### [WHAT YOU NEED TO DO]
Restate word for word the lines from the one bearing "郑丹凤在致辞中对方世荣教授的" through the end of the entries below, and leave every picture out.

### [AVAILABLE RECORDS]
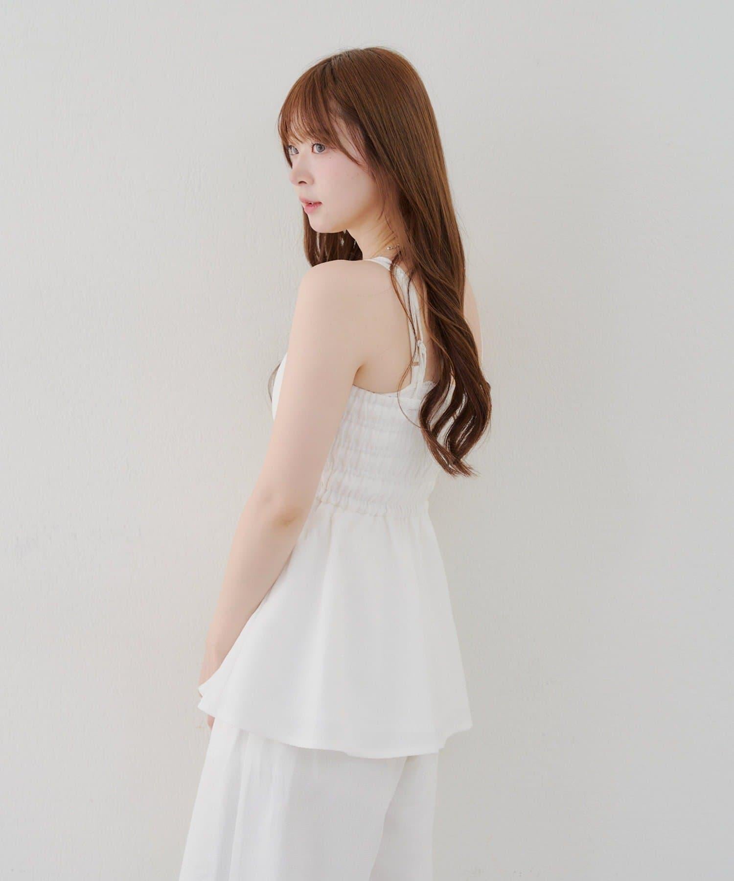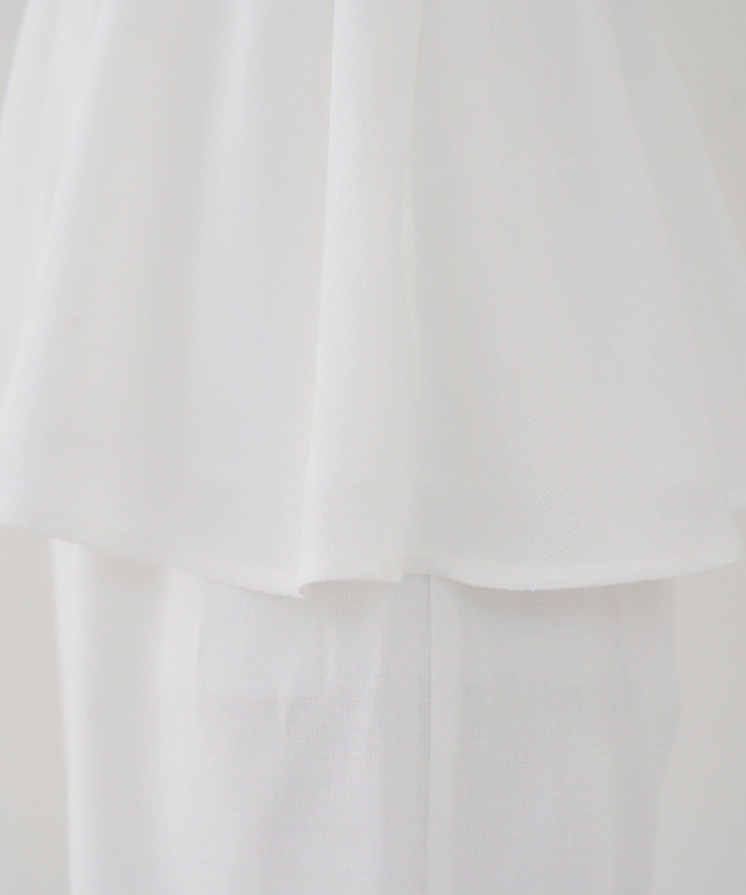 搭配與 saki 合作的花朵圖案薄紗襯衫(貨號:5052040050)。
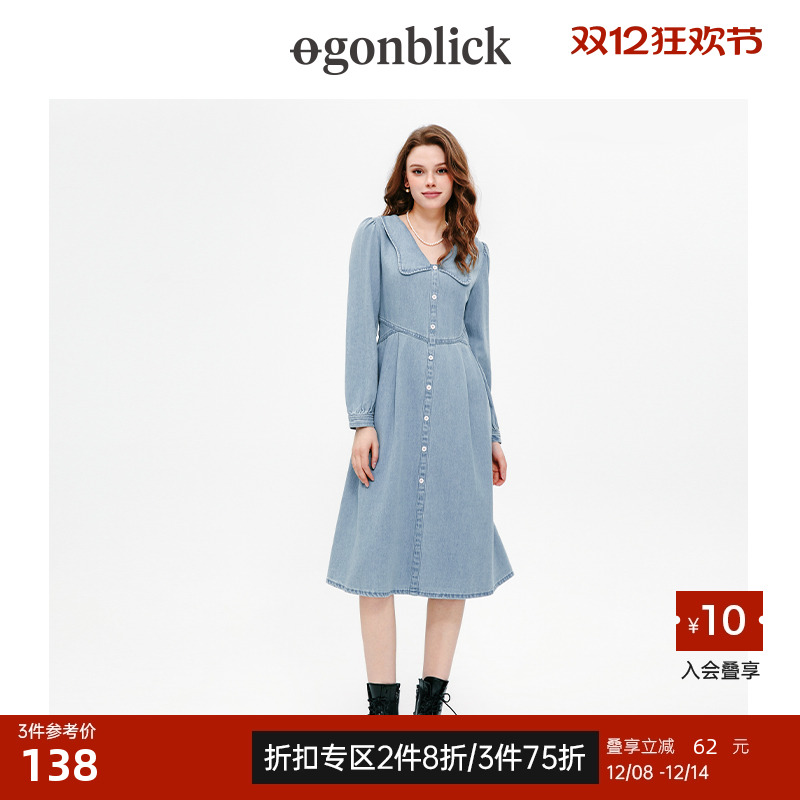 北欧时刻2025春季新款娃娃领牛仔连衣裙女收腰a字中长裙复古气质
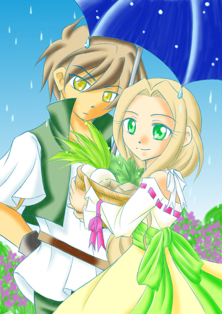 雨の日の収穫 一次創作 2017.06.102025.09.28 the woRks original 34 看板絵。 本編1文庫化記念に、本編1のゲストキャラクターになる二人を。ファンタジーのはずなのに、傘が普通という。
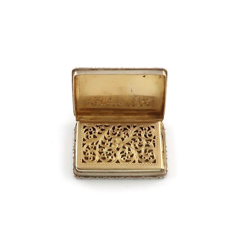 rectangular form, the hinged cover with a scene of the castle and round tower, reeded sides and engine-turned base, foliate borders, with a vacant cartouche, the interior with a pierced and engraved silver-gilt foliate scroll grille, length 4.2cm, approx. weight 0.9oz.
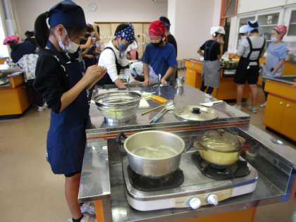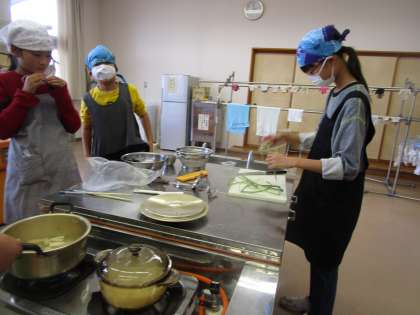 5年生 初めての調理実習1 公開日 2020/10/25 更新日 2020/10/25 5年生 家庭科の調理実習で、ごはんと味噌汁を作りました。お米を鍋に入れて炊きます。また、味噌汁にいれる野菜を洗いました。下ごしらいをしています。
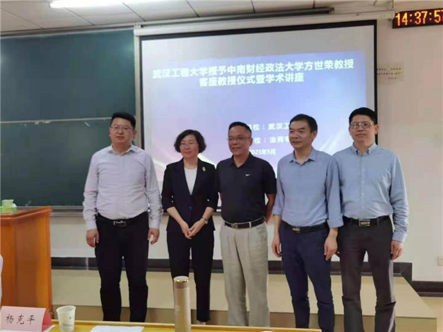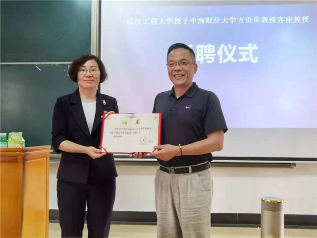 郑丹凤在致辞中对方世荣教授的加盟表示热烈欢迎,对方世荣教授的学术造诣表示高度赞扬,希望方世荣教授多来我校开展学术交流活动,将最前瞻的科研、教学思想引进来,把我校的老师、学生带出去,指导和促进我校法学学科、专业、科研高质量发展。授聘仪式上,郑丹凤代表学校为方世荣教授颁发了武汉工程大学客座教授聘书,校人事处处长鲁晓君宣读了聘书。
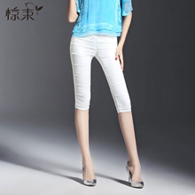 惊束夏季女胖MM七分裤大码女装打底裤糖果色外穿薄款休闲裤子

### [EXERCISE ANSWER]
 郑丹凤在致辞中对方世荣教授的加盟表示热烈欢迎,对方世荣教授的学术造诣表示高度赞扬,希望方世荣教授多来我校开展学术交流活动,将最前瞻的科研、教学思想引进来,把我校的老师、学生带出去,指导和促进我校法学学科、专业、科研高质量发展。授聘仪式上,郑丹凤代表学校为方世荣教授颁发了武汉工程大学客座教授聘书,校人事处处长鲁晓君宣读了聘书。
 惊束夏季女胖MM七分裤大码女装打底裤糖果色外穿薄款休闲裤子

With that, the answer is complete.